How is the grip fastened I don't see any screws on the side?


----------



## lewwallace (Mar 4, 2015)

pic said:


> Beautiful piece.
> 
> How is the grip fastened I don't see any screws on the side?


They'er one piece, 'clam shell'. Secured top, under the hammer in the frame and bottom to the integral butt cap!


----------



## pic (Nov 14, 2009)

lewwallace said:


> They'er one piece, 'clam shell'. Secured top, under the hammer in the frame and bottom to the integral butt cap!
> View attachment 2219


Good luck , be careful.

Do you know what kind of wood it is?


----------



## lewwallace (Mar 4, 2015)

pic said:


> Good luck , be careful.
> 
> Do you know what kind of wood it is?


Walnut, according to the Webley pundits(Dowell, Bruce, Black) they all are! Course there's Vulcanite but thats not till 1890's.


----------



## lewwallace (Mar 4, 2015)

Sunny window trick worked! Had sun all day here and left it there several hrs after hypoing a small amount of Kroil along join. Couple gentle taps and it moved enough to wiggle it off. My other RICs frame no's match the clyinder but not here! Rear cylinder face has '73' frame shows '43'! Probably never know why. Don't think cylinder was replaced as the engraving matches!
Something else came up during investigation. In the grip cutout was Roman numeral VII; a check of 2 others revealed: II and IIII.Never noticed before! Will have to consult some experts elsewhere as I have not ever seen these markings addressed!!


----------



## pic (Nov 14, 2009)

very nice , would like to know when you find out. 
Thanks
:smt1099


----------



## Steve M1911A1 (Feb 6, 2008)

lewwallace said:


> ...Rear cylinder face has '73' frame shows '43'! Probably never know why. Don't think cylinder was replaced as the engraving matches!...

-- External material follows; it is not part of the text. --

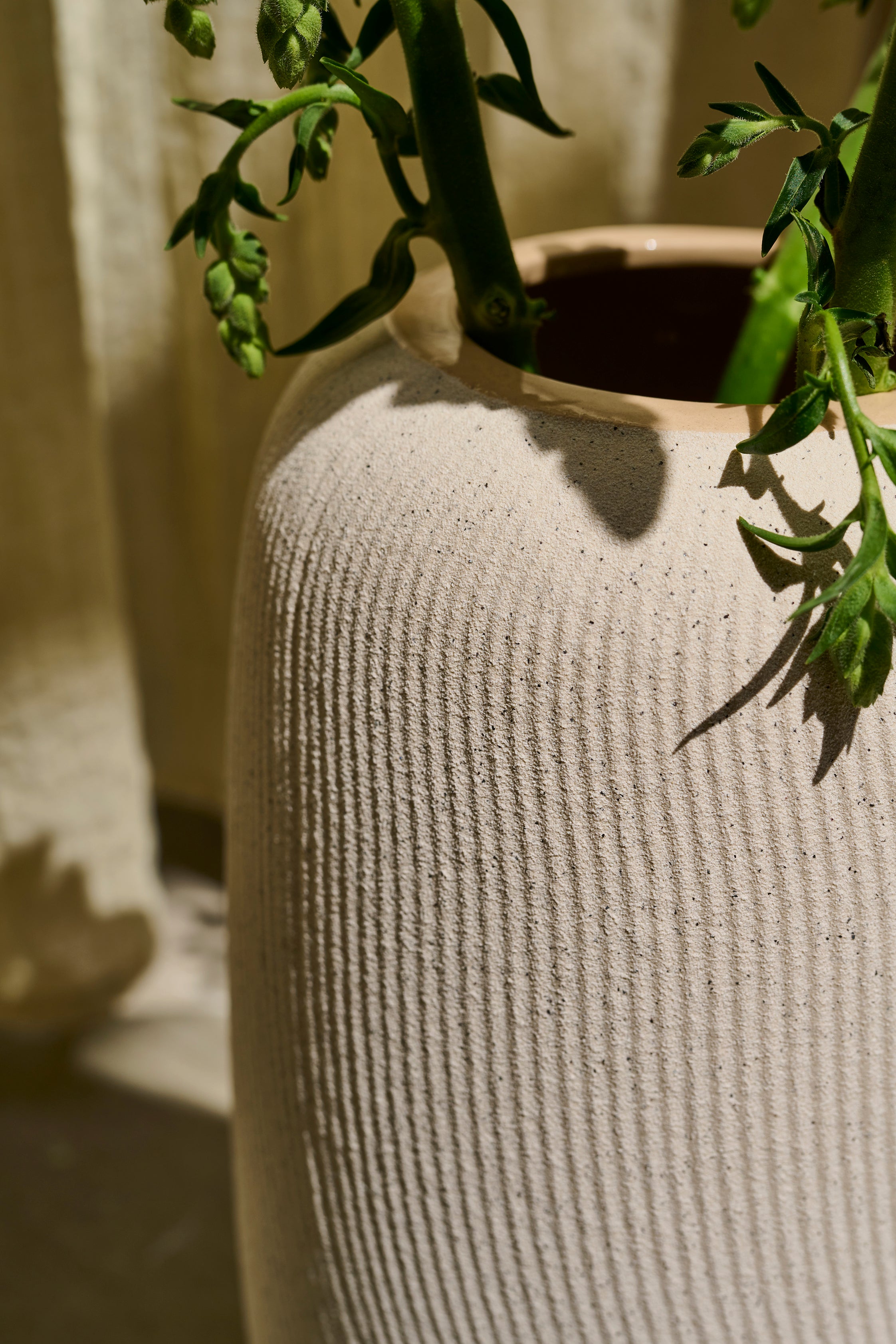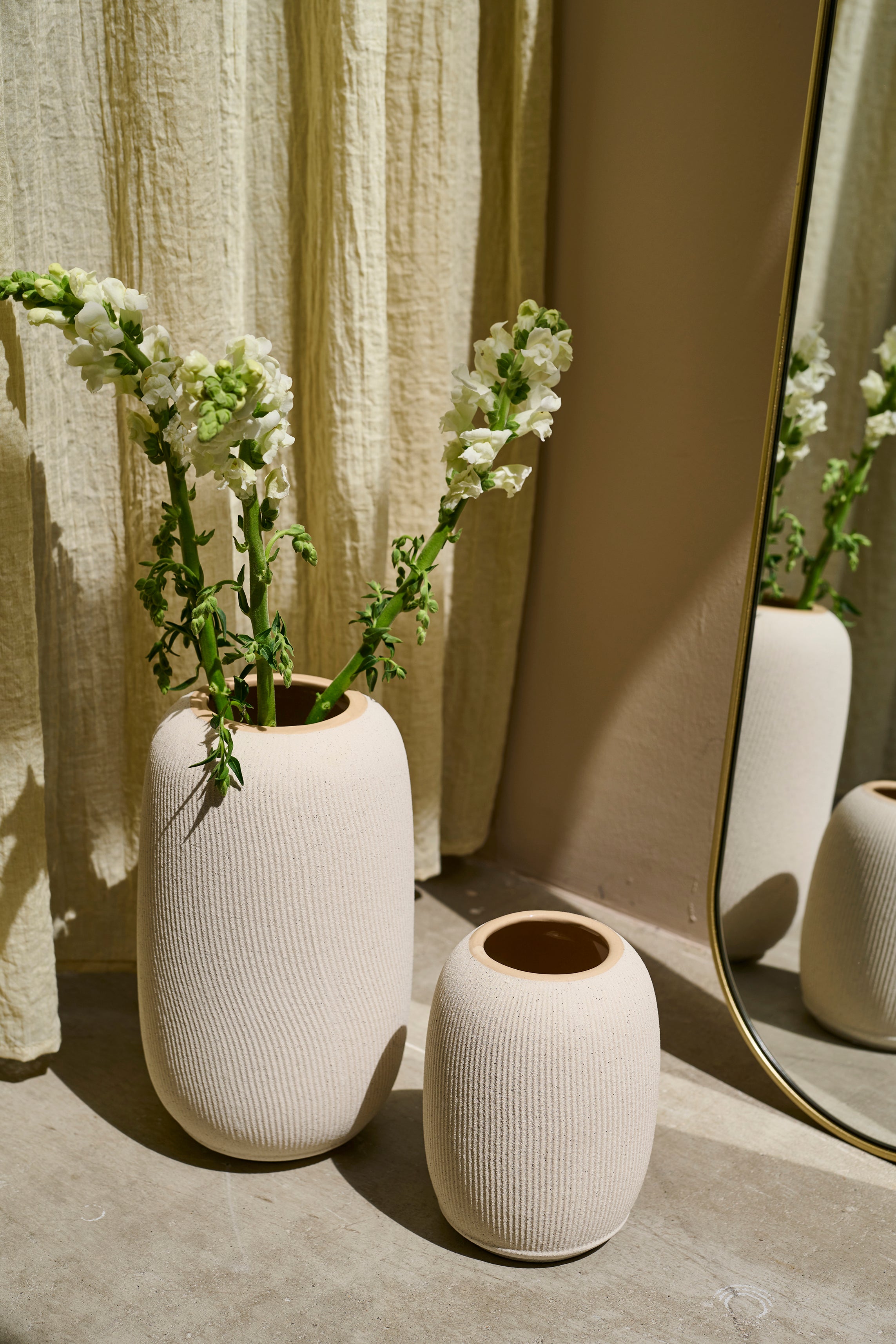Vica-serien består af urtepotter, vaser, tandkrus, sæbedispensere og lysestager i klassisk design. Med organiske, bølgende mønstre bringer Vica wellness og elegance ind i dit hjem. Tilføj et strejf af tidløs skønhed til din indretning.

Dammit, you're converting all of us into fellow Webley freaks!

Could it possibly be that you are misreading the number on the cylinder? Could the "7" actually be an incompletely-stamped "4"?
(Would an English "7" have the little European cross-bar?)

If that's not it, then could the engraving have been an aftermarket feature, rather than original to Webley?
Would original Webley engraving have included that not-a-serial-number "112"?
Maybe the original owner carried it while he was Mr. 112, had the damaged cylinder replaced, and then had the gun engraved as a keepsake.


----------



## lewwallace (Mar 4, 2015)

Steve; The '7' is very distinct. I'mmmmmmmmm goin' w/aliens!!! All those ugly guns were made in another galaxy before they had contact w/humans and they didn't know what proper guns looked like!
Am anticipating response from an overseas pundit! Film at 11:00!


----------



## lewwallace (Mar 4, 2015)

pic said:


> very nice , would like to know when you find out.
> Thanks
> :smt1099


Pundits say: grip 'finisher's' id mark, or that it identifies the fitter/assembler!


----------